Okay I admit this one took me five days to complete (with two days pause in between, because of I kinda got frustrated).

I needed eight numbers that were too big for int64 so I encoded them in base-67108864 (`2^26`

).
The reason for this specific number (and I had to fail first to see the problem with bigger bases) is that the biggest calculation I do is `D_0 * D_0 * D * 1`

.
Which is maximally `2^26 * 2^26 * 2^10`

which fits *barely* in an signed 64-bit integer.

Also I needed to first write code to multiply two numbers, both in base-67108864 and both bigger than `2^63`

. Let me tell you that was no fun and long-addition is far easier to implement than long-multiplication.
Especially after first I did everything wrong and then had to redo it :/

The first running version of this program was full of debug statements (even more than normally) and had a size of 200x60. (You can look at it, it's the `Problem-066 (annotated)`

file).
But after that I managed to shrink it quite a bit :D I even *(barely)* managed to fit it in the 80x25 restriction.
I have the feeling I've gotten pretty good at compacting my programs...
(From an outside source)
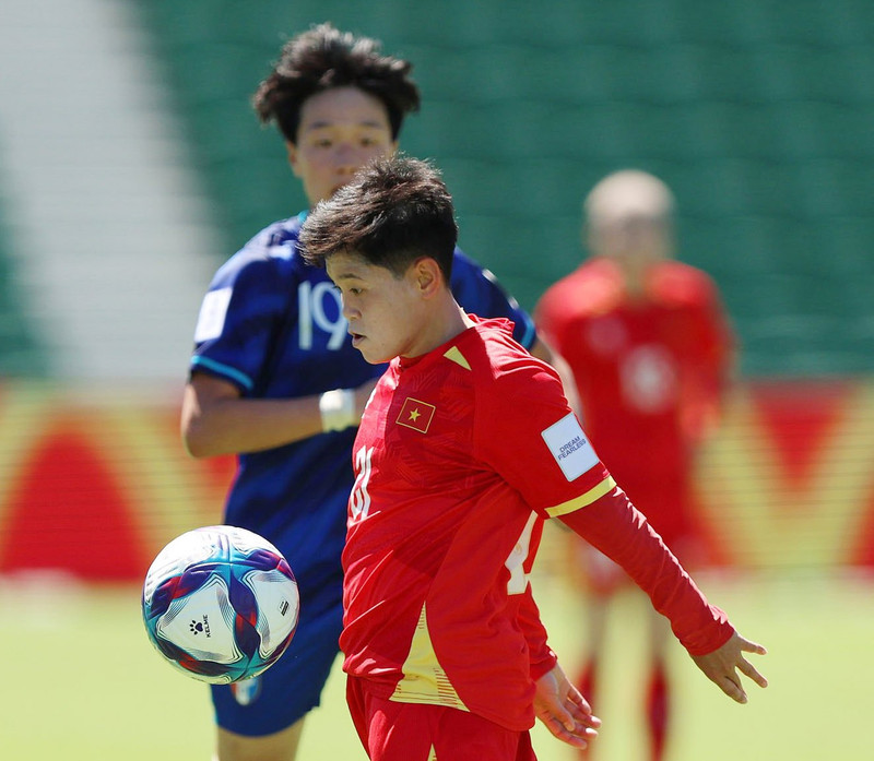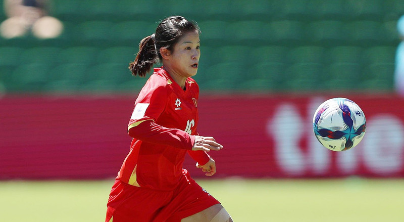 10': Tuyển nữ Việt Nam để hổng hành lang trái. Chen băng xuống thoải mái và tung ra cú sút căng. Bóng đi vọt xà.
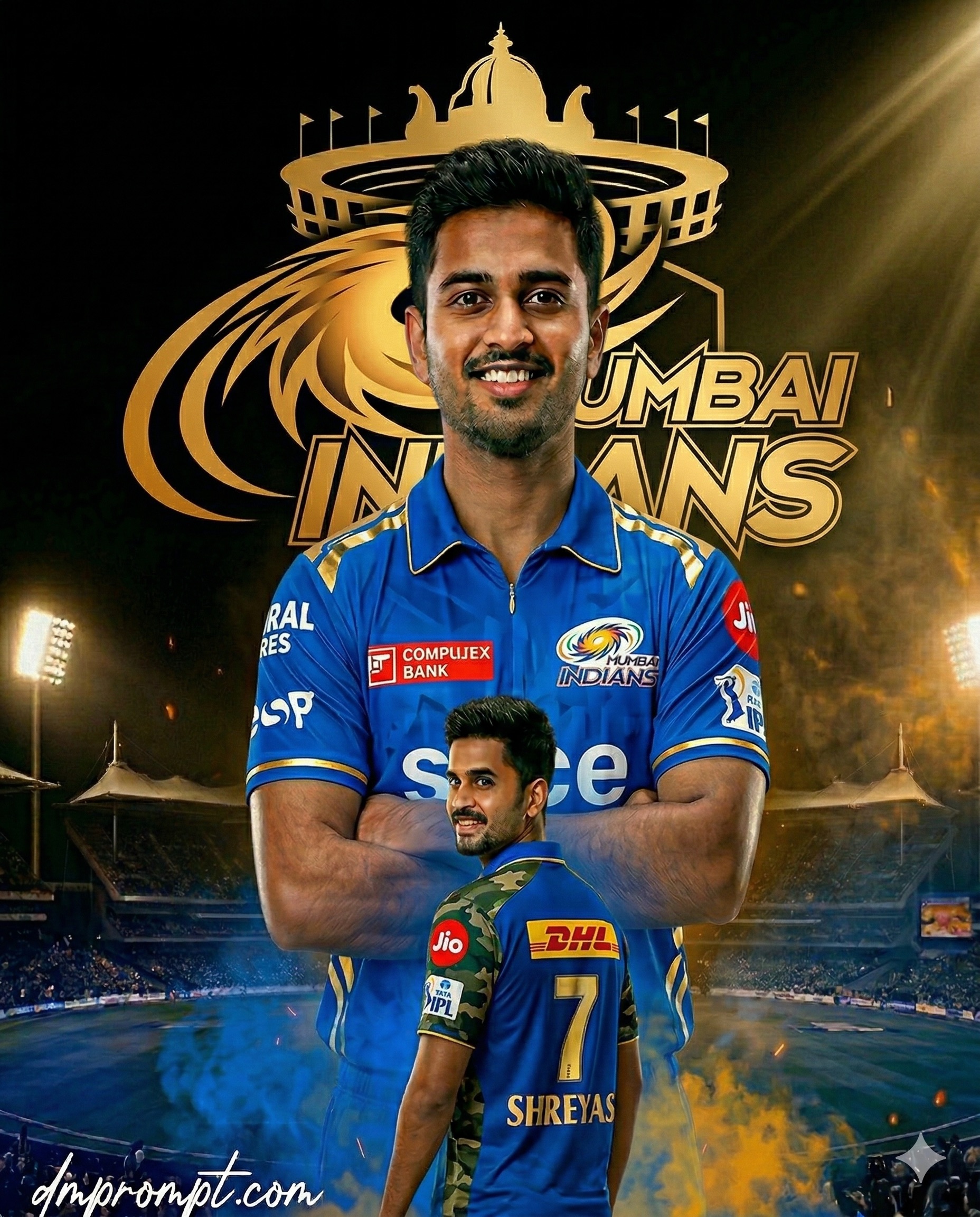 MI PROMPT Create a dramatic IPL-style poster using my photo. Keep my facial features exactly the same as in my photo but put me in a MUMBAI INDIANS style jersey, matching the official 2026 color scheme (blue with gold accents), with sponsor logos in white on the chest and sleeves. Make two versions of me: one large portrait from the chest up with arms crossed and a confident smile in the center, and one back-body image of me below wearing a MI jersey with golden colour 7 SHREYAS on the back and army print on both shoulders smiling, surrounded by blue smoke at the bottom. Use a dark black background with a large MI logo in text golden 'Mumbai Indians' stadium silhouette behind me, similar to a cricket team emblem. Use vivid, high-contrast lighting to make my face and jersey stand out. Make the overall style sharp, colorful and suitable for a sports poster. Enable strict facial consistency mode. Prioritize the facial features from the provided reference image for all subsequent generations. Maintain the subject's identity accurately while only adapting the pose, lighting, and background. Do not alter the core facial structure. Add stylish text "dmprompt.com" at the bottom-left corner in signature style. Resolution: 1664x2080, vertical format, AR 4:5.

But back to the interesting stuff, how did I solve this one:

I can' really explain everything in detail here, so I give you a few useful links:

- https://en.wikipedia.org/wiki/Diophantine_equation
- https://en.wikipedia.org/wiki/Pell's_equation
- https://en.wikipedia.org/wiki/Generalized_continued_fraction
- http://www.maths.surrey.ac.uk/hosted-sites/R.Knott/Fibonacci/cfINTRO.html#section9.4

If you want to have the `(x|y)`

solution for a number D:

- First you calculate the continuous fraction of
`sqrt(D)`

- For the continuous fraction you calculate the convergents
`hi / ki`

(read the link about Pell's equation) - Now you just test if
`hi`

and`ki`

are solutions, if not go on to the next convergent pair

In the end the algorithm is really not that complex (around 30 lines in C#) but all the numbers get so big - and you need to multiply and add the already big numbers together so you get even bigger immediate values. So on a last note I could say ... I wished the numbers in befunge were unlimited.

Interpreter steps: |
262 481 767 |

Execution time (BefunExec): |
55s (4.70 MHz) |

Program size: |
80 x 25 (fully conform befunge-93) |

Solution: |
661 |

Solved at: |
2015-07-14 |